# Other Wild Game Recipes



## svk (Feb 1, 2016)

Duck Rumaki

Duck breasts cut into approximately 1" squares
Can of sliced water chestnuts
Bacon
Jalapeño pepper cut into 1/2-1" squares
Lawrys mesquite, steakhouse, or steak and chop marinade
Toothpicks

Cube duck meat and marinade as long as possible in an airtight container (I do 48 hours if my schedule allows). *Side note, never marinade/store uncooked red meat in stainless steel as it can have a reaction with the metal.* 

Cut strips of bacon in half so they are roughly 4-6" long. Assemble duck/water chestnut/jalapeño into a stack and then wrap in bacon. Secure with a toothpick.

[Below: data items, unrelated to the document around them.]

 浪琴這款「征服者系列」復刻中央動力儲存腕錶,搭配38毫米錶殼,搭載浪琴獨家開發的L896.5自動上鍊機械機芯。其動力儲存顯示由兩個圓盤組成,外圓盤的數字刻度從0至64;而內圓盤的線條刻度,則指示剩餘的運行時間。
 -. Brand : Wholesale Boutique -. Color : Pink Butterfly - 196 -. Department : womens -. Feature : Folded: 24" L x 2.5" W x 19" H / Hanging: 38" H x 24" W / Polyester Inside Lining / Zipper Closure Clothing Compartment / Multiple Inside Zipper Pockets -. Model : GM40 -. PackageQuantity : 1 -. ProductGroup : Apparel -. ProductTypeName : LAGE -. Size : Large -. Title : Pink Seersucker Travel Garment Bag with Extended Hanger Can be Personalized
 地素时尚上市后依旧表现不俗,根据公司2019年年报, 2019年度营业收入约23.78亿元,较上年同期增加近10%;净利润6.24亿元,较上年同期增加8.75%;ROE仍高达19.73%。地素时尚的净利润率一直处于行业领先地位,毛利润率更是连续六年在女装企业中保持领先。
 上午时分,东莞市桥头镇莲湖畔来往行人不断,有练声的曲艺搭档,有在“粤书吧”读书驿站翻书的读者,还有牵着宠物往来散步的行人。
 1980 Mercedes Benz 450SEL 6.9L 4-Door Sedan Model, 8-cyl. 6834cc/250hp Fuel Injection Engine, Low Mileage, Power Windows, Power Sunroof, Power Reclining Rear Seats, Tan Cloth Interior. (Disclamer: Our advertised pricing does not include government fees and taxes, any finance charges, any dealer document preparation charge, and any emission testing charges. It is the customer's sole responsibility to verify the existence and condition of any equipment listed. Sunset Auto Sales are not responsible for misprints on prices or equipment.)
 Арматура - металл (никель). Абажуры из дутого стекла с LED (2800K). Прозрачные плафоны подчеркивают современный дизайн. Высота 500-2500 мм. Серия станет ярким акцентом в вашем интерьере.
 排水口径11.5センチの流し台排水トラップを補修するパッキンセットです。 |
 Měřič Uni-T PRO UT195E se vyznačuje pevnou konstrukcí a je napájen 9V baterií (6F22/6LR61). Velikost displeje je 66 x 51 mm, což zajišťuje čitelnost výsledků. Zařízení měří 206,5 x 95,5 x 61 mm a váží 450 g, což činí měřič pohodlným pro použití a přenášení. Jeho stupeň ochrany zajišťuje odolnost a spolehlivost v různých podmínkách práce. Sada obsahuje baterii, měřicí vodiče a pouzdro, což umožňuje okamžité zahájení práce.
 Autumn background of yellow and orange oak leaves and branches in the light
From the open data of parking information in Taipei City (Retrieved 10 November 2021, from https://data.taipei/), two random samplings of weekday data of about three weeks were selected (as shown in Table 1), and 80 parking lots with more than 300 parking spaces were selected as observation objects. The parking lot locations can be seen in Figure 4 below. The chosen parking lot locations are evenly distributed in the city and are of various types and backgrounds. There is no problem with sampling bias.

Grill until meat is medium rare. Do not overcook duck meat. Delicious when medium rare but rapidly turns to taste like liver when overcooked. 

Option: add a gob of cream cheese to the assembly for an ultra rich appetizer.


----------



## svk (Feb 1, 2016)

Hawaiian grouse rumaki:

Same recipe as above but use Lawry's (or Walmart knock off) Hawaiian marinade. Then add a chunk of pineapple to the assembly. 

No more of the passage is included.